The shares of Kingfisher plc (LON:KGF) have opened on a low note falling 3.2% in the initial hours of trading with current share price of $294.10 because of the low profit margins and sales reported in the third quarter 2014. According to the management, the primary reason for the drop in sales and profit margins is the adverse foreign-exchange drives.
Kingfisher reported its third quarter 2014 financial results yesterday with net sales of £2.83 billion and retail profit of £225 million. The company witnessed 3.6% drop in its overall sales during the quarter and its profit margins took a hit of £13 million because of converting its overseas profits into sterling.
While talking about the factors responsible for meager results, Ian Cheshire, CEO of Kingfisher plc (LON:KGF), said,
“Trading conditions in our largest and most significant market, France, were particularly difficult and deteriorated across the quarter, impacted by the weak economic backdrop.”
At the same time, he mentioned that sales were on the right track in UK and Irish markets. However, the company was cautious over the outlook and Mr. Cheshire added,
“Overall, we remain cautious on the outlook, especially in France, and continue to focus on margin and cost initiatives to support our performance.”

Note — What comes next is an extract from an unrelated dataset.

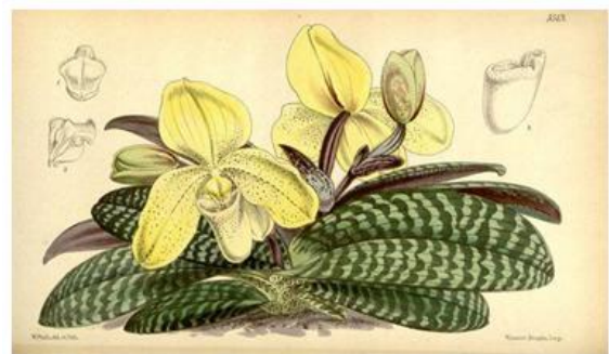
Paphiopedilum concolor , image from Curtis's Botanical Magazine, OWX3.3
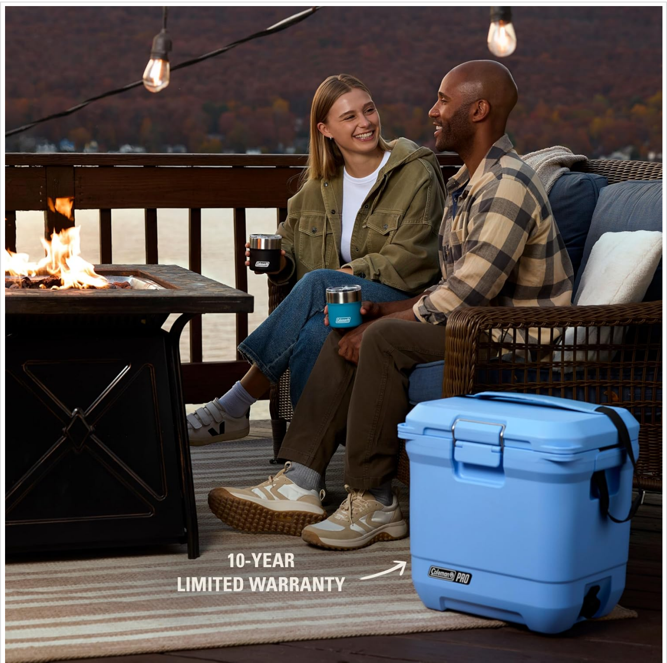
Image: The cooler in a lifestyle setting, emphasizing its long-term reliability backed by a 10-year limited warranty.

During the investor meet, Mr. Cheshire announced Veronique Laury as his successor citing her 26 years of experience in the industry. Veronique Laury added,
“With more than 26 years in home improvement, and 11 years at Kingfisher, I know our employees and our businesses well and I understand the reality of our customers’ lives. I look forward to putting my experience to work to build on Sir Ian’s legacy with passion, energy and pace.”
Kingfisher plc (LON:KGF) has four different brands under its management including B&Q, Brico Depot, Castorama, and Screwfix. It has net market capitalization of GBP6.96 billion and the shares of Kingfisher plc (LON:KGF) have dropped 22.75% year-to-date.